The warning could not have come at a worse time. In a year when world economies are struggling to tame food inflation and the US, Australia and parts of Africa are trying to overcome prolonged droughts, the World Meteorological Organization (WMO) has issued a warning to prepare for an inclement weather. “An El Niño episode will continue to develop over the coming weeks and months. This will strongly affect the weather and the pattern of droughts and floods in many parts of the world. Countries must prepare carefully for the likely impacts, including on human safety, agriculture and fisheries,” warns Michel Jarraud, secretary-general of WMO.
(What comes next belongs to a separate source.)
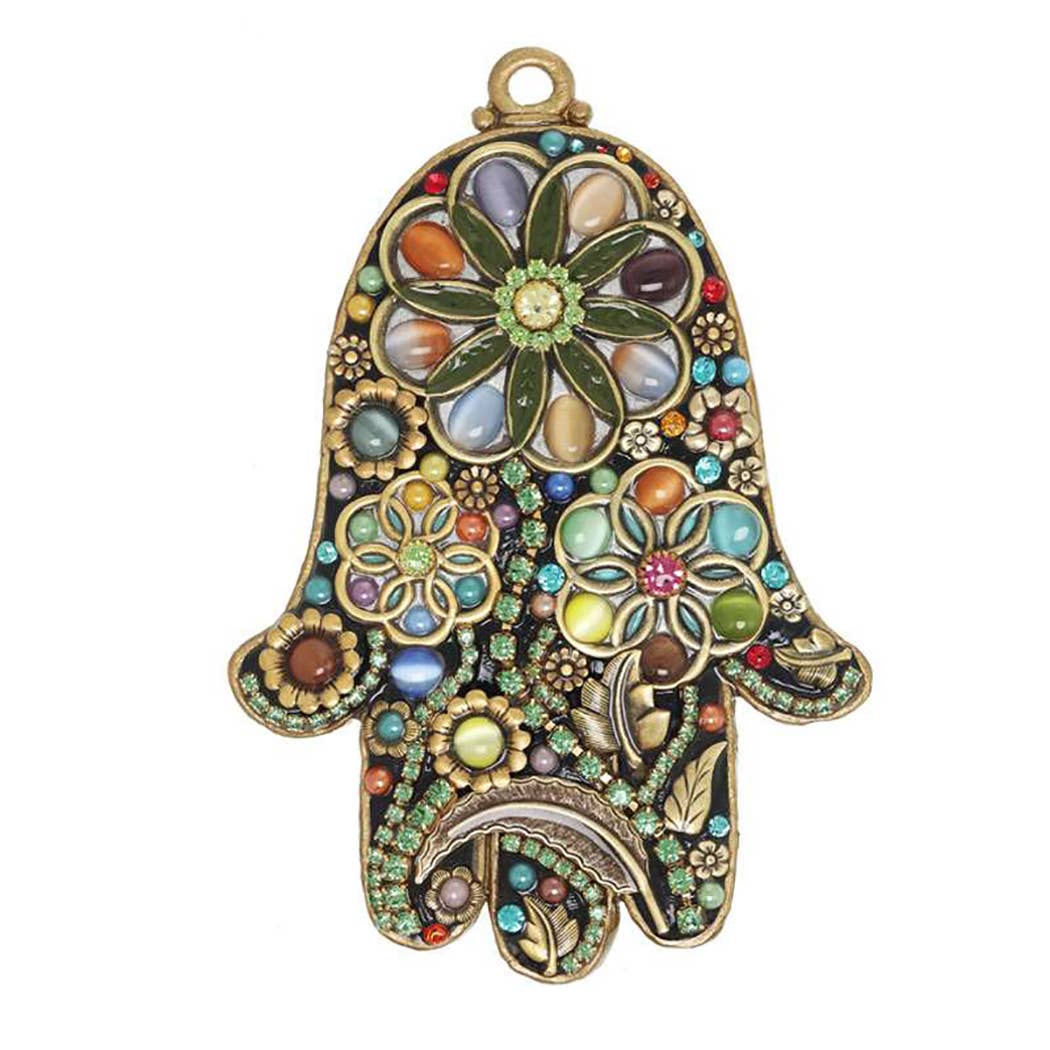 Pacific Opal Swarovski Crystals and Cats Eye stones give this Hamsa a luminous glow. One of our most popular styles, this hamsa makes a great wedding our housewarming gift. The Hamsa is a symbol of good luck meant to ward of negative energy, this versatile symbol can be displayed and worn by all. | Materials: Cats Eye, Swarovski Crystal |Metal: 24K gold electroplated over brass and white metal | Size: 4.5 inches long | Handmade in NYC studio | Complimentary gift wrapping
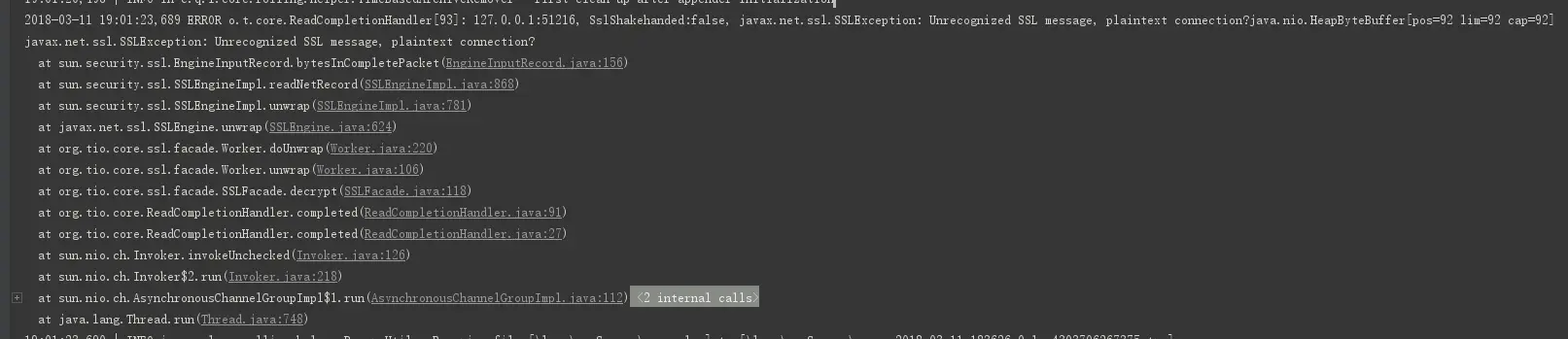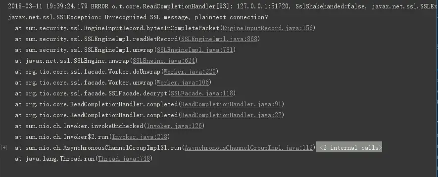 添加了服务端的ssl后,客户端连接成功后,只要客户端一发送消息,服务端就报错:

The weather fluctuation is not new. It returns at random intervals of two to seven years. The phenomenon begins as an abnormal warming of tropical eastern Pacific Ocean along the coasts of Peru and Ecuador towards April (see infograph). But no one knows why this happens. By December the warm Pacific currents alter the worldwide climate by hindering the flow of trade winds, which encircle the earth along the equator, blowing from high-pressure belts in the east to low-pressure zones in the west. The result is heavy rains and floods in South and North Americas, drought in South Asia and Australia, and mixed extreme weather events in Africa (see `Drought, flood and uncertainties').

In India, El Niño is typically associated with patchy monsoon and drought. India Meteorological Department (IMD) has forecast a below normal rainfall during the summer monsoon. In a country where 60 per cent of farms are rain-fed, weak rains could lower agricultural output, resulting in a spike in inflation. This poses a major challenge for the country's newly elected government of Narendra Modi. Its four key Union ministries—agriculture, food, fertilisers and water resources—and state governments are frantically preparing to deal with any possible failure of monsoon. Contingency plans have been chalked out in 500 districts, where authorities are preparing nurseries for short-duration crops that can withstand low rainfall, issuing location-specific advisories and monitoring the situation closely.

El Niño
1972
Famous Peruvian
fish enchovetta's population collapsed, bringing huge losses to the fishing industry
In the last decade, the country witnessed severe droughts in 2002, 2004 and 2009—all coinciding with El Niño years. In 2009, the worst drought in three decades led to high food inflation, which remains untamed. In fact, it became a major reason for the rout of the upa government.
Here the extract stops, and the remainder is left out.